[178] Herodotus himself (ix. 8) takes this view of the matter. He implies that the Spartans did not care whether the Athenians medized or not after the wall was completed. It is quite out of the question, however, to suppose that the Spartans could have regarded with equanimity the possible transference of the Athenian fleet to the Persian side. They had the experience of Artemisium and Salamis to guide them.

[179] It is sometimes assumed from H. vii. 229, that the usual quota was one helot to each hoplite; but a more probable interpretation of that passage is that the reference is to the personal armed servant who accompanied each hoplite to war, and that it cannot be deduced therefrom that the body of these formed the whole number of the helots present on an ordinary occasion.

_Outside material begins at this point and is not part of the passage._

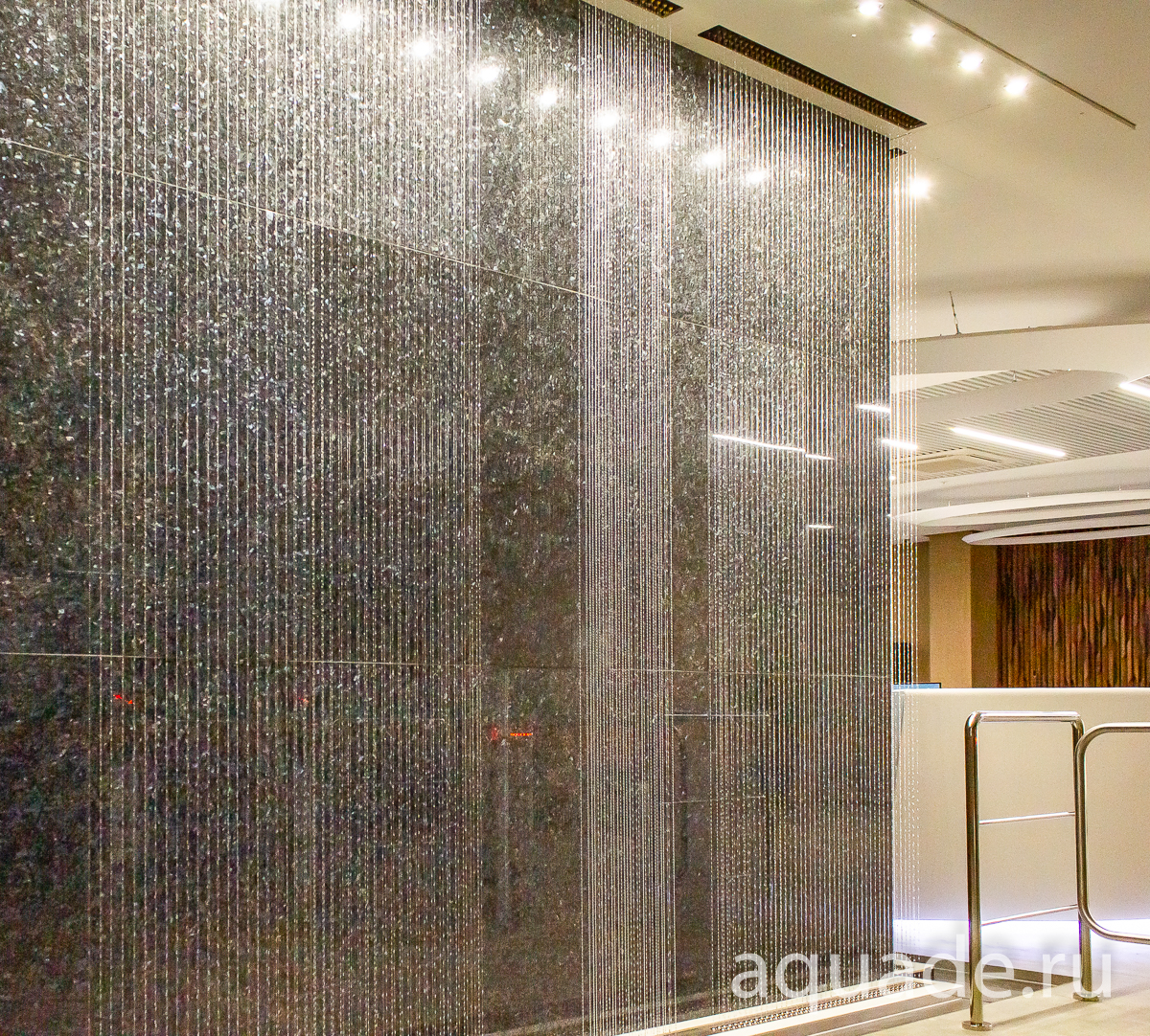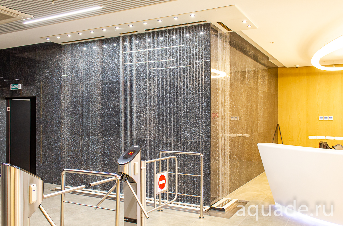 На этот раз монтажникам пришлось лететь на остров Сахалин. Вестибюль офисного здания в городе Южно-Сахалинск архитекторы украсили дизайнерской инсталляцией – струнно-капельный водопад с прерывистой линией струн. Этот объект являет собой пример продуманной интеграции корпусных элементов декоративного водопада в конструкции пола и потолка. Вся технологическая часть при этом скрыта от глаз. Капли словно стекают с потолка и уходят в пол, обрамленный белой галькой. Техническое обслуживание оборудования производится в техническом помещении, что позволяет выполнять регламентные работы в любое время, не доставляя неудобства посетителям.

Modern criticism of the impossibility of despatching so large a force unknown to the Athenian embassy is not convincing. We do not know the place at which it gathered. It is extremely likely that a large number of helots were drawn from Messenia, and joined the army at Orestheion, where the great route from Messenia meets the route from Sparta by way of the valley of the Eurotas.

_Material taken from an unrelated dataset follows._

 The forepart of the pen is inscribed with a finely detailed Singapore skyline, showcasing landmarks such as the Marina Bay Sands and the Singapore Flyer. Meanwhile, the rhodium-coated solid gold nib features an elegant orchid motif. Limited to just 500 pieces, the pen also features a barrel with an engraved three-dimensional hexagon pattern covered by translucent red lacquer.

[180] His departure from the Isthmus is ascribed by Herodotus to the fact that when he was sacrificing ἐπὶ τῷ Πέρσῃ an eclipse of the sun took place. This eclipse has been calculated to have occurred on the 2nd of October, 480. If so, it would be about the time of the Persian retreat from Attica after Salamis, and Stein’s conjecture that the sacrifice had something to do with a plan to harass the Persian retreat, has a certain amount of probability in its favour.

[181] If Sparta had been careless as to whether Athens medized or not, she might, probably would, have despatched troops to the Isthmus at an earlier date. But if she was waiting until pressure of circumstances forced Athens to adopt Peloponnesian views as to the line of defence, then the delay is accounted for. Had her army been at the Isthmus when Mardonius advanced into Bœotia, the Athenians would certainly have called upon it to carry out the agreement, and march to the northward of Kithæron. In that case the Spartan government would have been obliged either to comply, or, by a refusal, to show in the most unmistakeable manner possible the war policy which it intended to adopt.

[182] I was, I confess, surprised to find in August, 1899, that, in spite of the excellent road to Megara from Bœotia by the way of Eleusis, the track on the old line of the Platæa-Megara road is still largely used.

[183] A road has been constructed through it in recent years, running from Kriekouki on the Bœotian side to Villa on the south of the range.

[184] I am inclined to think that the site of Skolos is that which Leake, and others following him, have identified with Erythræ. Paus. ix. 4, 3, says that if before crossing the Asopos river on the road from Platæa to Thebes, you turned off down the stream, and went about forty stades, i.e. four and three-quarter miles, you came to the ruins of Skolos. This would place it not far east of the road from Thebes to Dryoskephalæ. He speaks of Skolos in another passage as a village of Parasopia beneath Kithæron, a rugged place, and δυσοικητός. That seems to preclude the idea of its being near the river, which traverses alluvial lands at this part of its course. The ruins identified by Leake as Erythræ cannot belong to that town if the testimony of Herodotus and Pausanias is accurately worded. This point will be discussed in a later note. In actual fact, however, the exact site of Skolos is very difficult to determine. My main reason for suggesting that it stood where Leake places Erythræ is that those ruins are the only ruins in the neighbourhood indicated by Pausanias, and are certainly not the ruins of Erythræ.

[185] It is necessary to pursue so obvious a line of argument, because, for some incomprehensible reason, modern historians have thought it right to judge of the plans of these able Persian commanders as though they were dictated by no higher considerations than such as might occur to an untutored savage.

[186] The weakness of this line in case of attack from the north was conclusively shown twenty years later in the manœuvres which led to the battle of Tanagra.